И обхватила член ладонью, сжала, — а меня уже скручивает, дергает, выворачивает, как будто первый секс у меня в жизни, как будто женщины годами не видел.
Трогает неумело, пальцами по члену проводит, — а сама краснеет, я румянец этот ее жаром от щеки чувствую.
— Может, хватит на сегодня? В следующий раз? — кулаки сжимаю, чтобы не тронуть, не наброситься, — потому что потом уже не остановлюсь. И без того срывает.
— Хочу… Тебя… Всего… — так тихо и так невинно… Вот она, моя собственная точка невозврата.
Подминаю под себя, удерживаясь над ней на руках и в глаза смотрю, — долго, пристально, почти касаясь ее ресниц своими.
И пламя в ее глазах, — неугомонное, дикое, с нежностью и легким страхом переплетенное.
И мурашками весь покрываюсь, — огненными такими мурашками, до самых внутренностей.
— Маленькая моя… Сладкая…
Моя?
Лишь на какую-то секунду. Пока не очнемся. Пока жизнь не вернет в реальность и не заставит каждого по счетам своим платить.
Только сейчас — моя, и я весь твой.
Пусть она будет, эта наша секунда. Пусть будет, пусть единственная, — но такая искренняя, будто весь концентрат жизни в ней собрался. Пусть… Иначе зачем жить?
Распахиваю ее ноги, не отрывая взгляда.
Осторожно, медленно вожу головкой у самого входа, а у самого уже все внутренности прострелило тысячу раз.
Чуть вдавливаю, ловя ее тихий всхлип и снова всматриваюсь.
Если увижу хоть тень страха или боли, тут же остановлюсь.
Но она только глаза прикрывает и в спину мне руками впивается.
— Давай, Артур.
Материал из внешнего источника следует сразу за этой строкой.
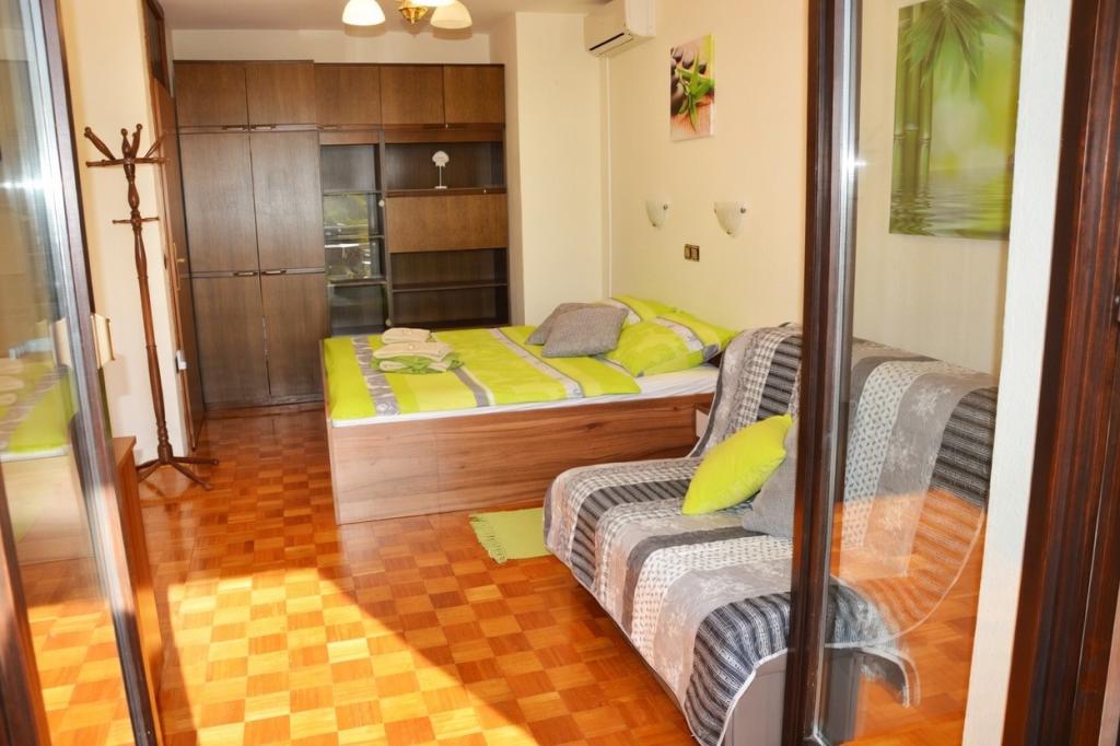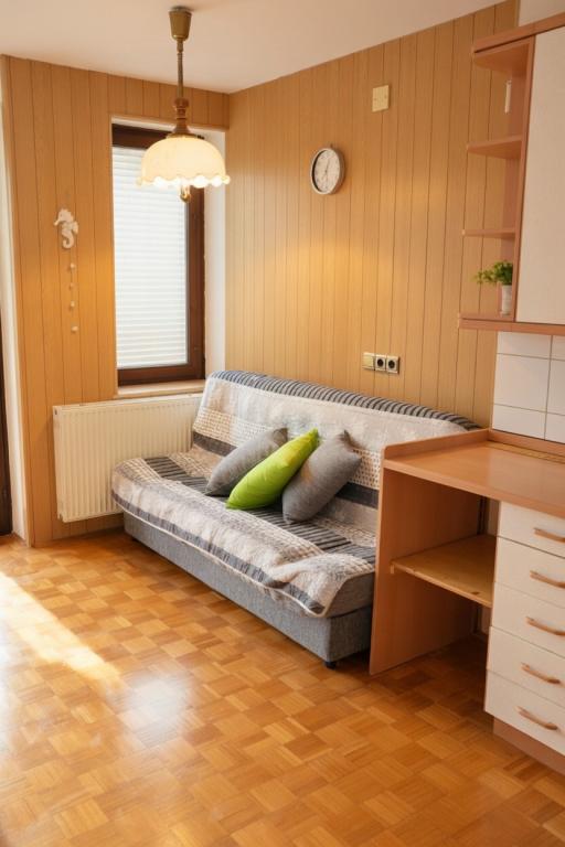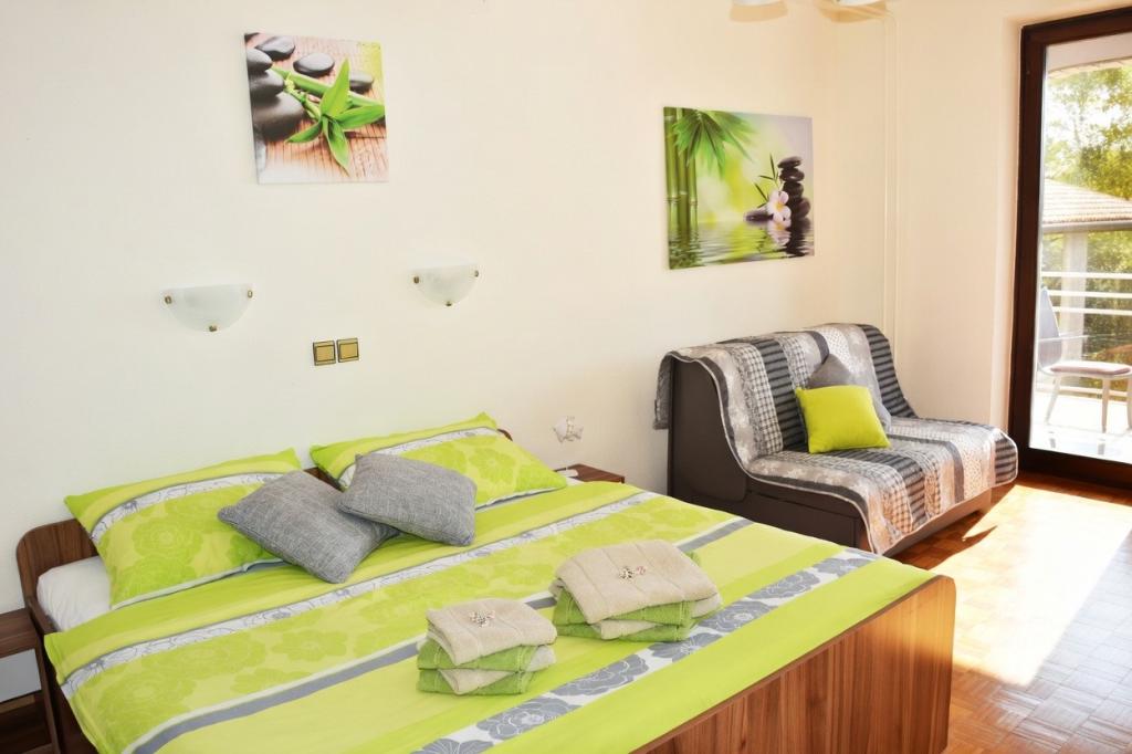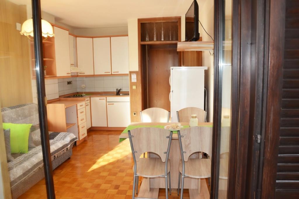 Das klimatisierte Apartment im 1. Stock bietet Platz für bis zu 4 Personen. Es liegt in ruhiger Lage ohne Verkehrslärm, wo Kinder unbeschwert spielen können und die Zeit stillzustehen scheint. Genießen Sie jeden Abend den Sonnenuntergang von Ihrer eigenen Terrasse aus. Neben der Wohnküche gibt es ein separates Schlafzimmer, ein Badezimmer und eine überdachte Terrasse mit Meerblick. Das Apartment ist komplett ausgestattet – Geschirr und Besteck sind in der Küche ausreichend vorhanden. Fernseher, Bettwäsche, Handtücher und ein Haartrockner stehen Ihnen ebenfalls zur Verfügung. WLAN nutzen Sie kostenfrei. Parkplätze sind vorhanden.

Пожалуйста….
Резко толкаюсь внутрь, проникая на полную мощность.
Какая же узкая, бархатная, до сумасшествия сладкая моя девочка… До миллиарда искр из глаз. До невозможного желания двигаться в ней — бешено, исступленно, без остановки, — и никогда не выходить, не останавливаться, брать снова и снова, каждый миг жизни своей делать… Моя… Вот теперь, — моя, по-настоящему, — и это уже останется навсегда. Это отпечатается в ее памяти, вобьется в нее. И в мою. Навсегда…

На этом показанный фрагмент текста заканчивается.